= Gary G. Hamilton =

American journalist

Gary G. Hamilton is an American television journalist, on-air host, reporter and producer who has worked in news, sports, music and entertainment. Hamilton currently works as Entertainment Video Journalist and Producer for The Associated Press. He used to be the on-air TV host-reporter for the New York Yankees Scoreboard and broadcasting department. Formerly, he was a digital reporter for Channel One News, a youth-oriented news program broadcast in 8,000 high schools and middle schools across the country, reaching more than six million students daily. He was also a frequent on-air contributing reporter for CBSNews.com. Hamilton has also worked for NBC News, CBS News, MTV and Globestar Media/ND Promotions , an entertainment and music video promotions company. He was also a freelance music writer for the music website AllHipHop.com and had a stint with SONY BMG's Columbia Records.

==Biography==
Gary G. Hamilton was born and raised in Houston, Texas, and is a graduate of North Shore Senior High School. Involved in many different clubs and activities, Hamilton was the co-anchor for the school's in-house newscast, Mustang News, which aired directly after Channel One News. Upon graduation, he attended Abilene Christian University and received a BSc. in broadcast journalism. After internships with KPRC-TV 2, the local NBC affiliate in Houston, Houston's Majic 102.1, 979 the Box, and BET's 106 and Park, Hamilton was accepted into NBC's Page Program.
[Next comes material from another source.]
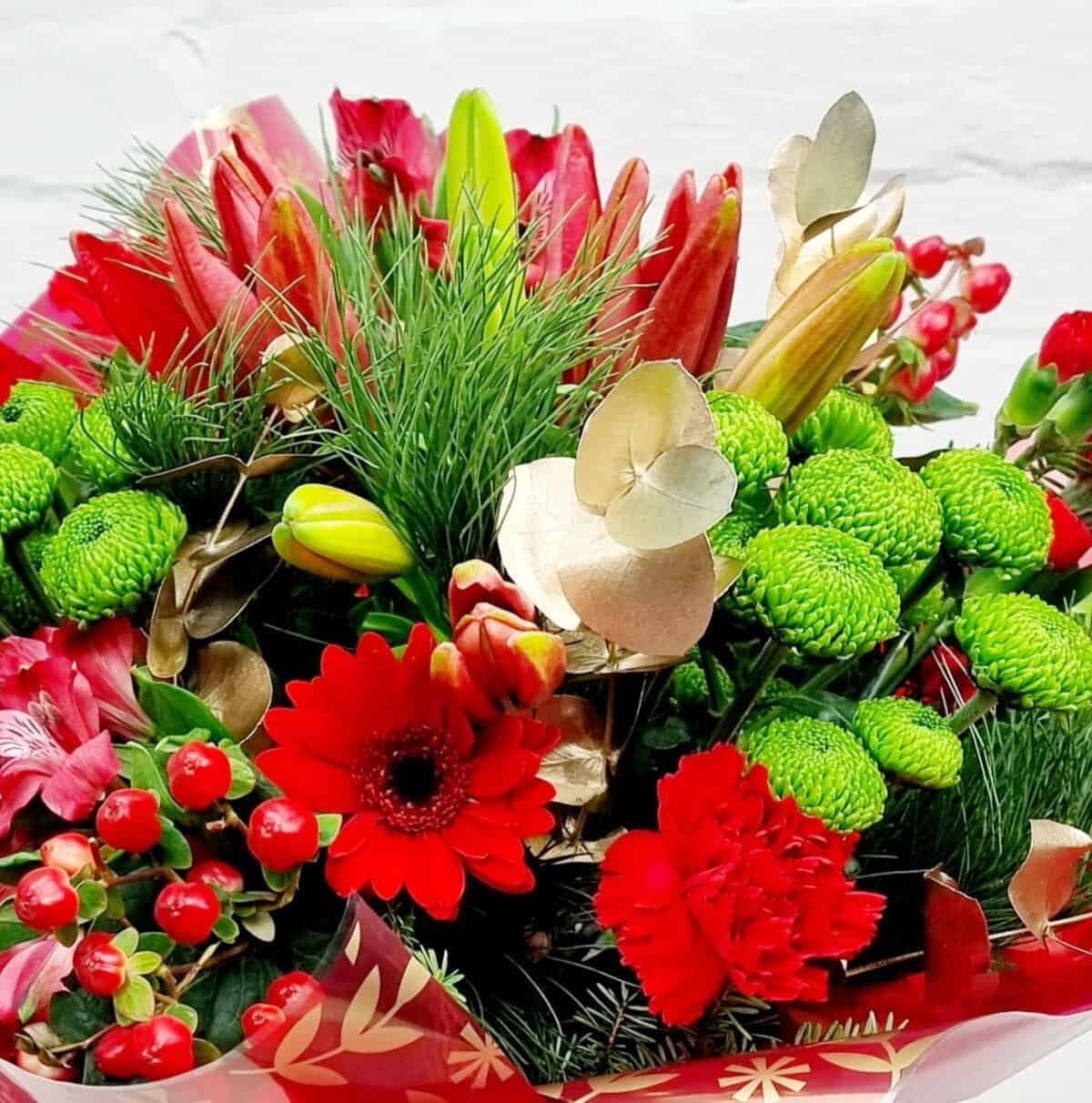 We’ve selected traditional Christmas colours of Reds, Golds and Whites, with gorgeous seasonal varieties of flowers and foliage.

Hamilton moved to New York from Houston to join the Page Program. After his experience at NBC, he worked at MTV, followed by Columbia Records. At the same time, he was assisting local Houston rapper Mike Jones of Swisha House as Houston's local rap scene exploded onto the national scene. He was also working Noah Jolles and Dan Otero of ND Promotions, a music video promotions company and was a freelance music critic for AllHipHop.com.

In 2009, Hamilton moved to Channel One News, which was partnered with NBC. Hamilton was hired as an overnight production assistant. He also hosted Channel One's "Next Big Thing", a weekly entertainment and tech segment. During his time at Channel One News with NBC News, he also worked with the weekend edition of NBC's TODAY. Most notably, he helped produce segments for TODAY's coverage of the 2008 Olympic Games in Beijing.

Channel One News went on to partner with CBS News and at the same time, Hamilton became a contributing reporter with CBSNews.com. Hamilton dually worked with Channel One and CBSNews.com until he was hired by the New York Yankees in 2013. Hamilton was the on-air host and in-stadium reporter and senior producer for the New York Yankees Broadcasting and Scoreboard department.

In 2018, Hamilton moved to the Associated Press as Video Journalist.

==Recognitions and notable works==
Gary Hamilton's Channel One News story on African-American inventors in which he reported and produced is now permanently part of an exhibit in the Charles H. Wright Museum of African American History.